Во-первых, бабы, очень часто выступая самыми активными и агрессивными участниками толпы, являлись, как правило, еще и ее основным эмоциональным катализатором — и уже самим фактом своего участия выполняли функции подстрекательства, поощрения мужиков на все более и более радикальные действия, заражали их психопатическими реакциями, нагнетали особую атмосферу «бабской» истерии и всеобщего умопомрачения, стимулировали общую психопатологию смуты. «Политически» активные бабы становились актором «массовизации» и «охлократизации» социально-политического процесса, детонатором насилия и провокатором всевозможных коллективных девиаций.

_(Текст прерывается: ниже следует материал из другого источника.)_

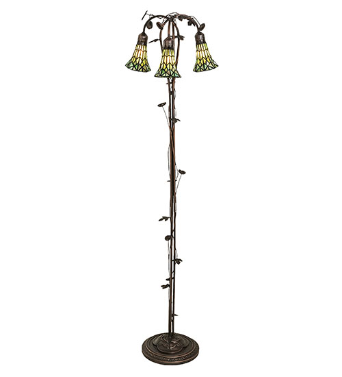 Inspired by the popular Tiffany design from the early 1900s... This floor lamp offers an attractive; delicate design featuring three stunning Green art glass shades that are created using the famous Meyda Tiffany copperfoil construction technique. The Pond Lily shades are embraced by an elegant cast metal floor base with floral and vine accents that are finished by hand in Mahogany Bronze. The Pond Lily Floor Lamp is featured in our American designed; handcrafted Stained Glass Lighting Collection. UL and cUL listed for dry locations. Each shade is a unique work of art with color variations based on natural ingredients inherent in the glass. Contact us if color matching is critical when ordering multiple items.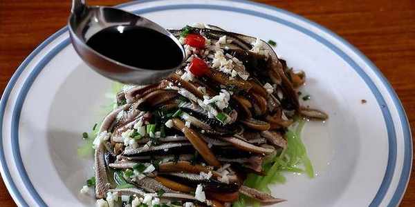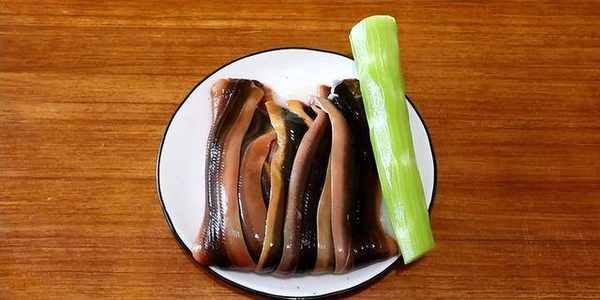 1、鱔魚買的時候處理好之後,將表面的粘液洗幹凈,然後切成小段;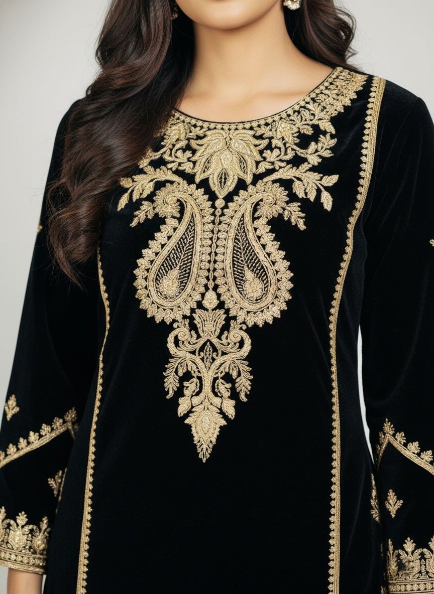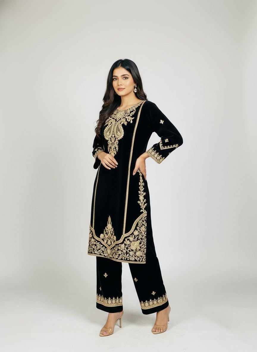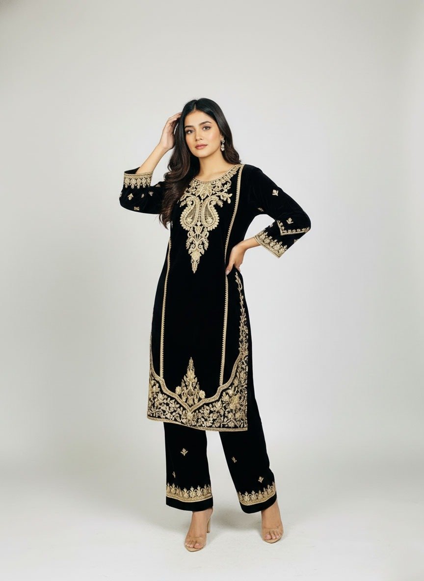 This elegant ensemble features a black velvet 2 piece beautifully adorned with intricate machine embroidery, sequins, and ada work. The design is enhanced with delicate hanging details on both the front and sleeves and trouser , creating a refined and graceful look. Paired with bell trousers with motifs on it, the outfit combines sophistication with comfort. The velvet shirt, tailored with a short slit and a stylish round hem, adds depth and richness to the overall design. Finished with a  neckline and contemporary bell sleeves, this outfit reflects timeless elegance with a modern edge, making it perfect for formal gatherings and festive occasions.

Во-вторых, как давно исследовано специалистами по психологии толпы, даже просто «присутствие в толпе женщин и детей… плохо еще и потому, что звук высокой частоты — женские или детские крики — в стрессовой ситуации оказывает разрушительное влияние на психику»353. Весь звуковой ряд смуты — скорее женский, нежели мужской: это, прежде всего, не мужицкий гомон, а бабий визг (да и визуальный образ смуты и революции точнее передает все-таки не расхристанный мужик, а баба с голой грудью — и как призыв мужских масс на баррикады во имя жен и матерей, и как манящий символ хмельной «революционной» вседозволенности).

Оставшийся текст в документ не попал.